▶ _EXERCISE GOAL_:
Your answer should be the lines below from the one holding "and global reach." through the one holding "Purse went through", copied exactly and with nothing else.

════════════════

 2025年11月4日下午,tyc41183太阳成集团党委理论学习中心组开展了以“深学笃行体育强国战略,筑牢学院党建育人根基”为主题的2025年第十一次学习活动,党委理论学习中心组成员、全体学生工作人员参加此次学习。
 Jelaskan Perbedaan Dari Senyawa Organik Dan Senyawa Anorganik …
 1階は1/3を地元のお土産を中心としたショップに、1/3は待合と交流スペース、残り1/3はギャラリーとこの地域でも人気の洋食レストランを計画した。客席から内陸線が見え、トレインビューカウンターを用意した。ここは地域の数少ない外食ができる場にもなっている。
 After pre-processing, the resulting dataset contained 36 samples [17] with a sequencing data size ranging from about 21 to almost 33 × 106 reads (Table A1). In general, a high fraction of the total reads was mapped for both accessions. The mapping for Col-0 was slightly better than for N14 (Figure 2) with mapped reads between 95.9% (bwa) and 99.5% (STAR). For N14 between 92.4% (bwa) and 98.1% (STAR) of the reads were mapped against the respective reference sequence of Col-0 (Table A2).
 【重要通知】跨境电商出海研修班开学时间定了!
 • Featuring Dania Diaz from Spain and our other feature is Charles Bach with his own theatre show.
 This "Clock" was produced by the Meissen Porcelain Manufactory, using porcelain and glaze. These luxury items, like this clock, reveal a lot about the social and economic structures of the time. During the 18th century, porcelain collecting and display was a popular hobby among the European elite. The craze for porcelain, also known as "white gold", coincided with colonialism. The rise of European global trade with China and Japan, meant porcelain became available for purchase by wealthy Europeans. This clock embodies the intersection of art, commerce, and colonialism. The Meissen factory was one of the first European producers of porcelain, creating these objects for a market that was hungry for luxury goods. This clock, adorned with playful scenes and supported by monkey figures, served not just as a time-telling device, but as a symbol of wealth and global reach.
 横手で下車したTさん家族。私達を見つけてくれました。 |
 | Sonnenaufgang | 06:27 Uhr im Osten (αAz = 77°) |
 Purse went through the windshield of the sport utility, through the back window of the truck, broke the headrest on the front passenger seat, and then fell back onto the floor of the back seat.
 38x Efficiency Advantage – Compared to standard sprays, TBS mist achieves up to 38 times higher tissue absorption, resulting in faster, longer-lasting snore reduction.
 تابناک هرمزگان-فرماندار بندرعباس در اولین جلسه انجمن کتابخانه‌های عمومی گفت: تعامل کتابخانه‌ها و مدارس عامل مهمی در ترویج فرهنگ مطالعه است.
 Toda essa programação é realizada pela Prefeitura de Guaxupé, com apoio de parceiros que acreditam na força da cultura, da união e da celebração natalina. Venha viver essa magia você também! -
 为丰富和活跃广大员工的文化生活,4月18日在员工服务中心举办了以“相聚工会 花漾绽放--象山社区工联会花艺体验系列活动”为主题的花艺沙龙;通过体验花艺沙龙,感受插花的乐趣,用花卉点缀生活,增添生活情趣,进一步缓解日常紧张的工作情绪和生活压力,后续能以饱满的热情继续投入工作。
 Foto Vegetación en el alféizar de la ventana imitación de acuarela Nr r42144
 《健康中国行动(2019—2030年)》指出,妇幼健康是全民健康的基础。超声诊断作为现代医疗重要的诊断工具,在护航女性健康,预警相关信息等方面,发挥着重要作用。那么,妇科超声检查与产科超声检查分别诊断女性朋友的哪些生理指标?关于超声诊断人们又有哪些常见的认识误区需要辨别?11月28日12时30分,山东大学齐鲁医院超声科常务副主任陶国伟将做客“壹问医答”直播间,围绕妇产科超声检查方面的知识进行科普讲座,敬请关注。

════════════════

▶ _PROBLEM SOLUTION_:
 This "Clock" was produced by the Meissen Porcelain Manufactory, using porcelain and glaze. These luxury items, like this clock, reveal a lot about the social and economic structures of the time. During the 18th century, porcelain collecting and display was a popular hobby among the European elite. The craze for porcelain, also known as "white gold", coincided with colonialism. The rise of European global trade with China and Japan, meant porcelain became available for purchase by wealthy Europeans. This clock embodies the intersection of art, commerce, and colonialism. The Meissen factory was one of the first European producers of porcelain, creating these objects for a market that was hungry for luxury goods. This clock, adorned with playful scenes and supported by monkey figures, served not just as a time-telling device, but as a symbol of wealth and global reach.
 横手で下車したTさん家族。私達を見つけてくれました。 |
 | Sonnenaufgang | 06:27 Uhr im Osten (αAz = 77°) |
 Purse went through the windshield of the sport utility, through the back window of the truck, broke the headrest on the front passenger seat, and then fell back onto the floor of the back seat.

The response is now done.